È possibile fare prevenzione?

«In una patologia che è spesso asintomatica o paucisintomatica, fare screening attraverso una visita cardiologica dopo i 50 anni è importante, specie per chi ha genitori o parenti stretti con valvulopatie o altre cardiopatie. Anche il medico di medicina generale ricopre un ruolo fondamentale perché può riferire precocemente il paziente ad un centro di primo livello in grado di offrire al paziente un’offerta tempestiva a 360 gradi in campo cardiovascolare».

Quanto conta la tecnologia in questo tipo di operazioni?

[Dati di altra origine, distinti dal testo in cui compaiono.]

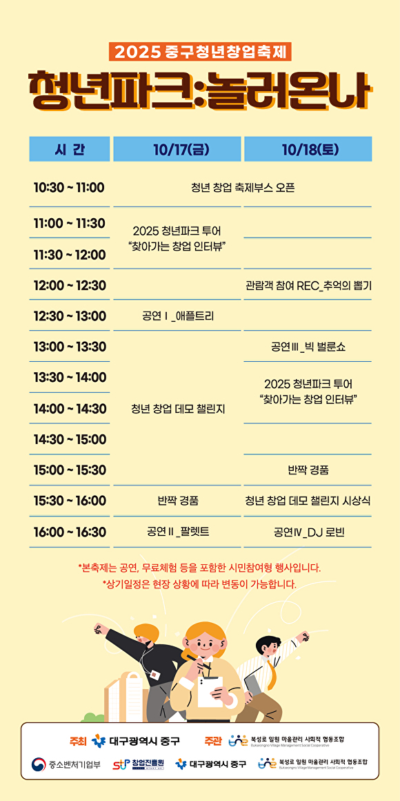 모든 프로그램은 무료로 운영돼, 청년창업가뿐 아니라 중구 주민 누구나 함께 즐길 수 있는 열린 축제로 진행될 예정이다.
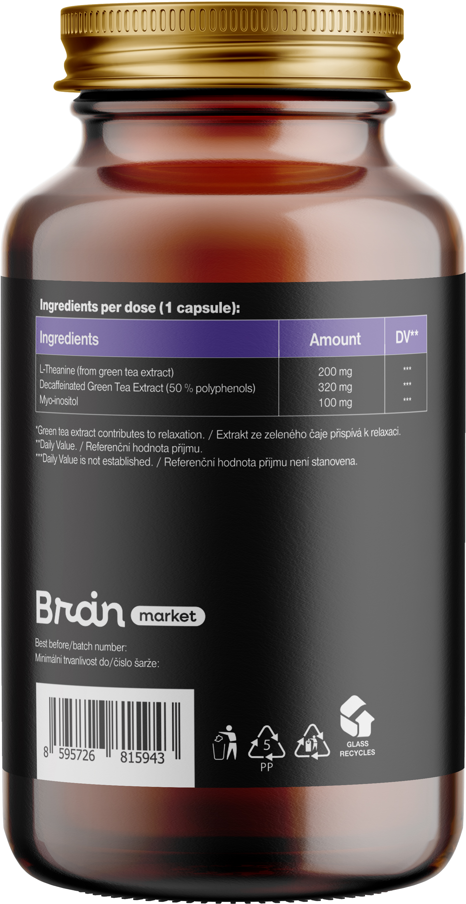 Složení: L-Theanin (z extraktu zeleného čaje) (200 mg, RHP ***), bezkofeinový extrakt ze zeleného čaje (50 % polyfenolů) (320 mg, RHP ***), Myo-Inositol (100 mg, RHP ***), rostlinná kapsle na bázi HPMC. Neobsahuje žádné balastní látky (éčka).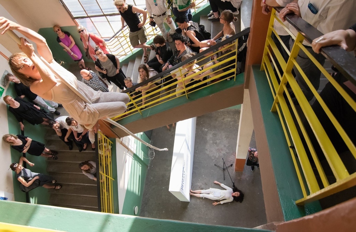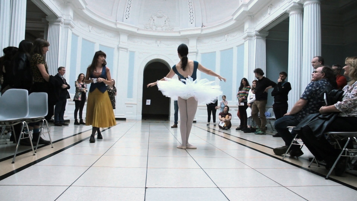Ella de Búrca carefully combines performance, sculpture and painting to reflect on meaning-making and female histories, creating humorous and poetic experiences that often materialise as temporary immersive installation. Especially interested in how we perform as viewer and how this overlaps with ‘the male gaze,’ de Búrca researches, layers and recontextualises art historical moments to find reference in her lived experience.

«La tecnologia aiuta, certo, ma la cardiochirurgia è soprattutto un lavoro di squadra. Il segreto sta nella multidisciplinarietà e nella presenza della cosiddetta “squadra del cuore” (Heart Team). Il rischio zero non esiste, ma la presenza di tante figure qualificate permette di confezionare per ciascun paziente l’intervento più appropriato, minimizzando i rischi. Ciascun caso deve essere discusso collegialmente alla presenza del cardiologo, dell’emodinamista e dell’interventista, del cardiochirurgo, del chirurgo vascolare, del cardio-anestesista e del perfusionista. Per gestire complicanze e comorbidità serve la collaborazione del chirurgo plastico, del reumatologo, dell’oncologo. L’assistenza qualificata si avvale di infermieri in sala operatoria, terapia intensiva e reparto. Penso che questo sia il principale fattore che un paziente deve considerare».

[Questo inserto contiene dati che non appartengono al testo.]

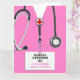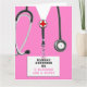 Carte de remise des diplômes de l'école de soins infirmiers comportant des gommages d'hôpital roses. Pour personnaliser modifier le texte pour ajouter le nom de l'infirmière diplômée.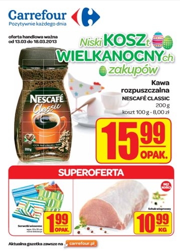 Najnowsza gazetka promocyjna Carrefour – „Niski KOSZt WIELKANOCNYch zakupów”.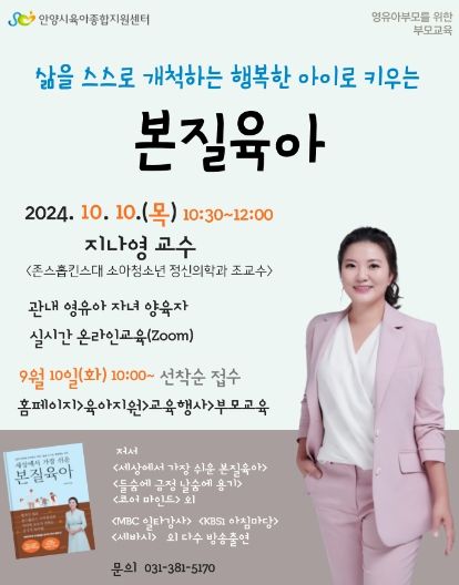 (중부시사신문) 안양시는 오는 10일 오전 10시 30부터 12시까지 영유아 자녀를 둔 양육자를 대상으로 지나영 교수의 ‘본질육아’ 온라인 부모교육을 진행하고 교육생을 모집 중이라고 4일 밝혔다.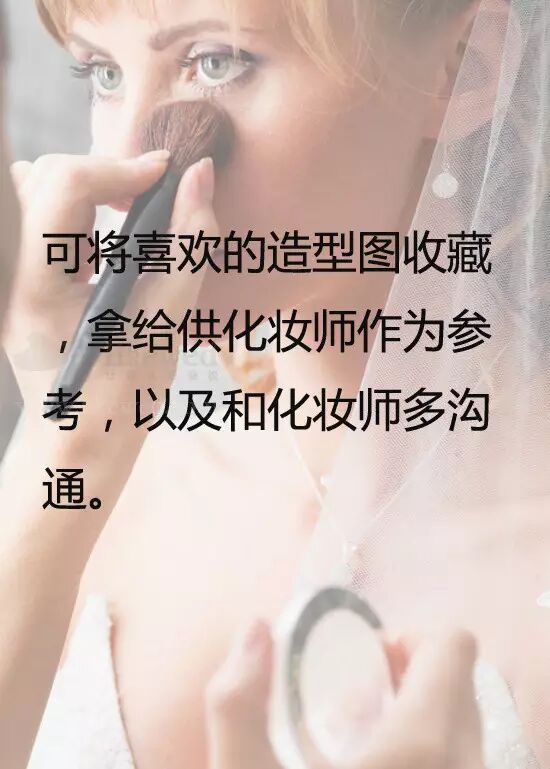 ③提前收集好您所喜欢的造型资料,化妆当天可以和化妆师多沟通,以达最佳效果;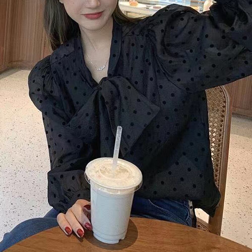 衿元のリボンと大きな袖がクラシックな可愛さを醸し出すドット柄長袖ブラウス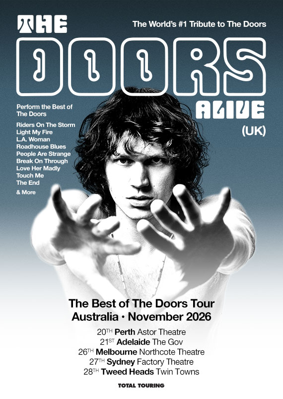 Direct from the UK, THE DOORS ALIVE are “The best Doors tribute band that I’ve seen… Sometimes they sound more like The Doors than The Doors” (Doug Cameron – The Doors Assistant Road Manager)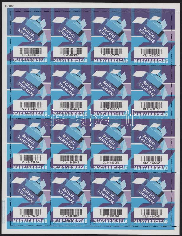 1998 Belföldi kiscsomag bélyeg középen hajtott teljes ív (250.000) / Parcel stamp Mi 1 folded complete sheet (Image)(Image 1)
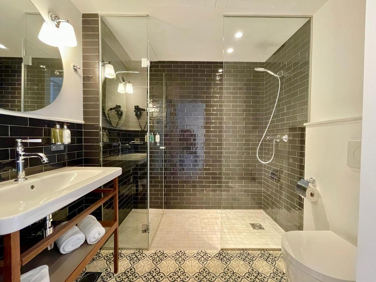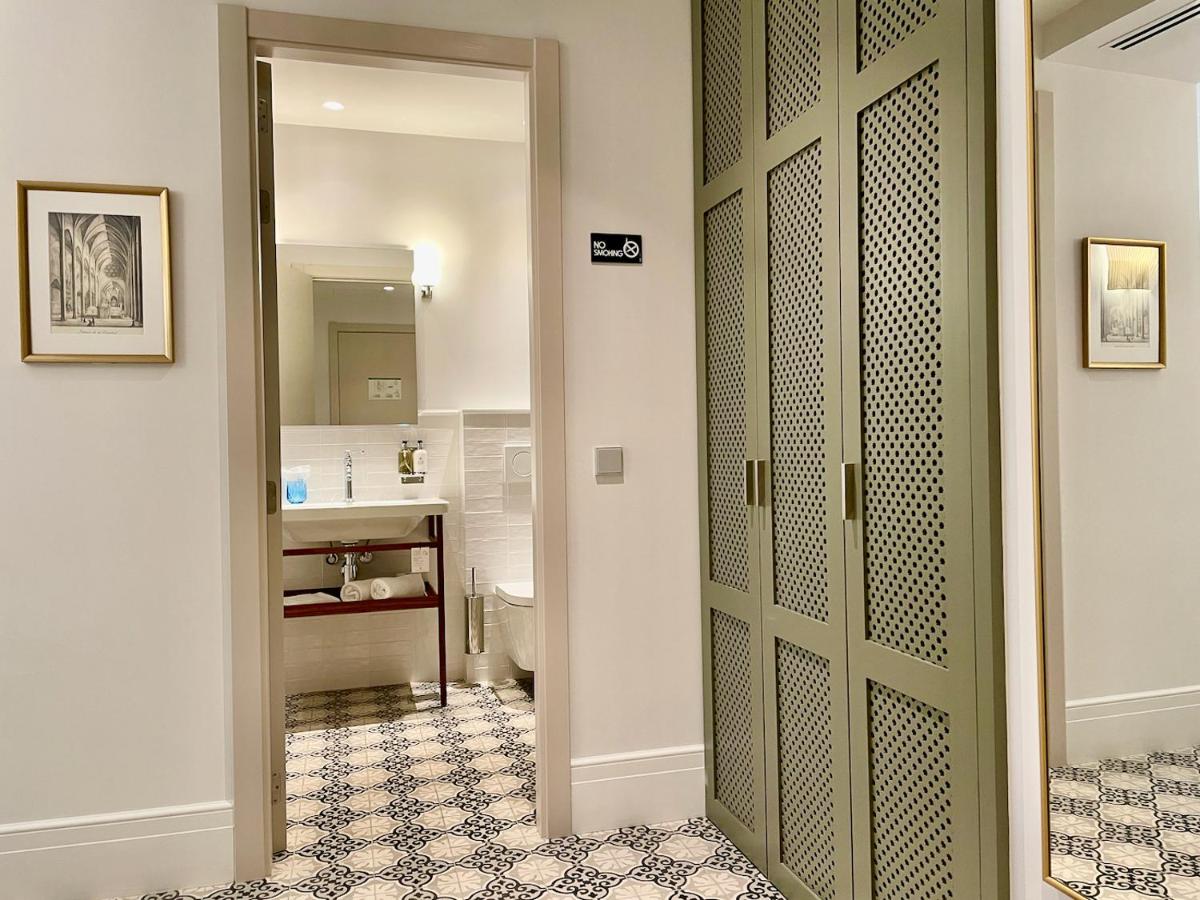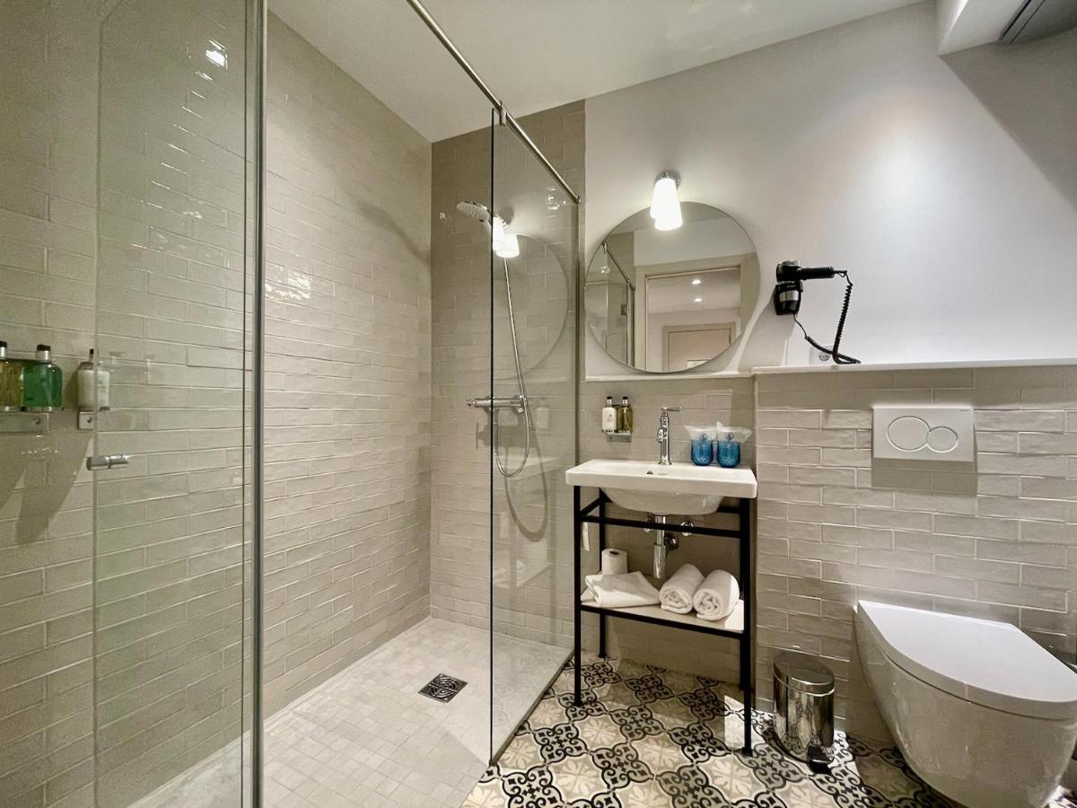 The stone building features classic architecture, but the interiors have been transformed with a contemporary, clean, and bright design. The use of natural materials, simple lines, and a neutral color palette creates an atmosphere of discreet luxury and quietude, a welcome contrast to the city's animation outside.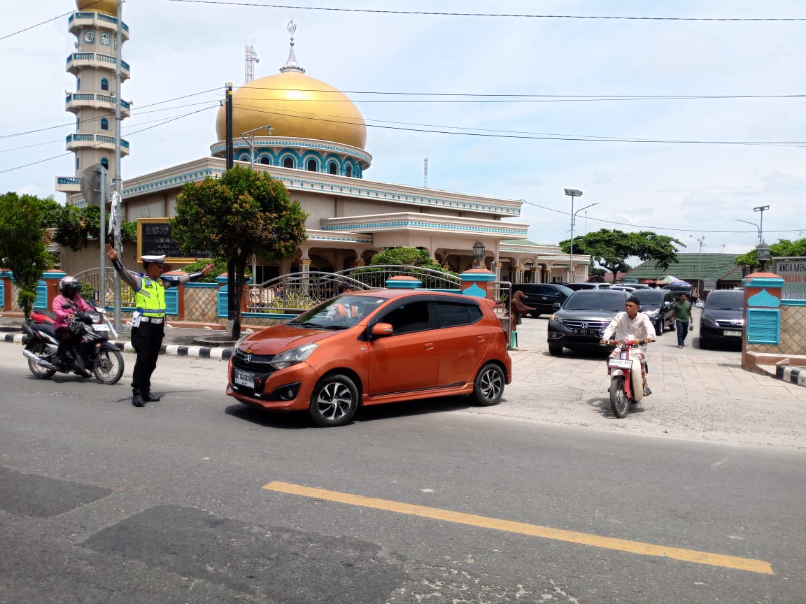Personil Satlantas Polres Batu Bara melaksanakan kegiatan pengaturan lalu lintas pada waktu Sholat Jum’at Kasatlantas Polres Batu Bara, AKP Simon E. Simatupang , S. H., M.H dan Para Kanit Satlantas Polres Batu Bara serta Personil Satlantas Polres Batu Bara.

La chirurgia non è l’unica soluzione per il trattamento delle valvulopatie.

«Negli ultimi anni si fa ricorso alle TAVI, valvole impiantate in genere con accesso transfermorale, cioè con la sola incisione all’inguine e quindi con un approccio non chirurgico. Ma questa soluzione non è indicata per pazienti con arterie molto calcifiche, spesso anziani, per l’elevato rischio di ischemie o emorragie. A loro, grazie al dott. Amedeo Terzi, direttore dell’Unità di Cardiochirurgia dei Trapianti e dello Scompenso Cardiaco, proponiamo un approccio “misto”. L’impianto della valvola aortica avviene per mezzo di un catetere dall’apice del ventricolo sinistro. I pazienti possono essere dimessi già dopo 3-4 giorni e i risultati sono di ottimo livello con bassa incidenza di “leak” paravalvolari, dovuti alla non perfetta aderenza della valvola e di impianto di pacemaker».

Un bilancio di questi primi sei anni di attività?

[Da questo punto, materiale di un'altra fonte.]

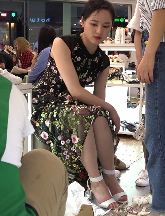 5、花裙子精致美女试鞋视频.MP4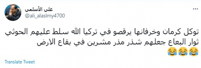وقال في تغريدة عبر "تويتر" رصدها "المشهد العربي": "توكل كرمان وخرفانها يرقصوا في تركيا الله سلط عليهم الحوثي ثوار البعاع جعلهم شذر مذر مشردين في بقاع الأرض".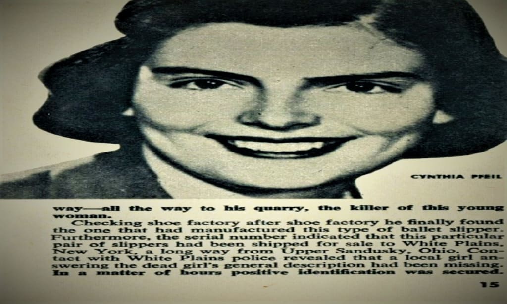 The police became aware that a woman from White Plains had been missing for two weeks. Cynthia Pfeil, 19, had owned the red slippers. Police began investigating Cynthia’s background. She had attended Ohio Wesleyan University in 1952. While there, she met and fell in love with another student named Roy R. Schinagle Jr., who was from Mayfield Heights, Ohio. There was an immediate attraction between the couple.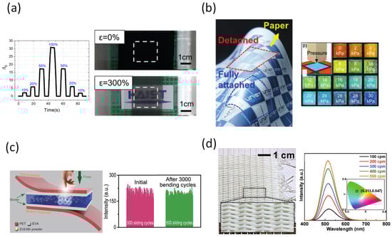 (a) Optical tactile device builds based on CNTs embedded in Ecoflex film [131]. (b) Adaptable and wearable photonic sensor based on shape-memory/responsive cellulose [132]. (c) Pressure mapping of personal handwriting device based on chemiluminescence [133]. (d) Self-power light-emitting fabric [134].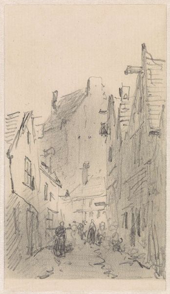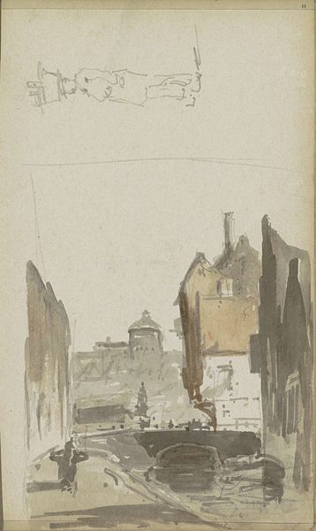 Editor: So, this drawing is titled "Oudezijds Kolk met de brug in de Zeedijk" by Cornelis Vreedenburgh, made sometime between 1890 and 1946, using ink on paper. It depicts a canal scene, and what strikes me is how… unassuming it is, like a quick sketch capturing a fleeting moment. What can you tell me about this piece? Curator: Well, I think that “unassuming” is key. Consider the historical context. During this period, there was increasing artistic interest in portraying everyday life, especially scenes of burgeoning urban environments. How do you think the growing industrialization might have affected how cityscapes were perceived and represented? Editor: That’s a good point. I suppose artists were reacting to rapid changes and maybe documenting the ‘old’ city before it disappeared entirely? Is this connected with social class in any way? Curator: Precisely! Artists like Vreedenburgh contributed to a visual record, democratizing the representation of the city beyond just the wealthy elite. By focusing on ordinary scenes, such as this canal and bridge, artists could reflect the changing social dynamics and make them accessible to a wider public through affordable drawings or prints. The medium here – ink on paper – also speaks to that accessibility. Editor: That’s interesting. I hadn’t considered the socio-political angle of simply *choosing* to depict an everyday scene. Now I see that this seemingly simple sketch actually tells a story about how art was evolving alongside societal shifts. Thanks! Curator: And I'm left pondering how "ordinary" scenes contribute significantly to the complex narrative of urban and cultural history, it is worth to always revisit those seemingly self-evident notions!

«Quando abbiamo avviato l’attività miniinvasiva, il Papa Giovanni XXIII aveva già una esperienza cardiovascolare di altissimo livello. In questi sei anni abbiamo lavorato in assoluta armonia ed oggi approcciamo in maniera mininvasiva qualsiasi tipo di procedura. Il trend di attività è andato in progressiva crescita, con ottimi risultati. Siamo uno dei primi centri ad aver avviato l’impianto di corde artificiali di ultima generazione, che favoriscono la fisiologica riparazione della valvola. Anche nella chirurgia dell’arco aortico, grazie all’Aortic Team in alleanza con la Chirurgia vascolare, proponiamo se possibile un approccio mininvasivo, sia per pazienti acuti che cronici. Attualmente siamo il primo centro italiano per impianti di Frozen Elephant Trunk, speciali protesi ibride che permettono la sostituzione dell’intero arco aortico in un unico intervento».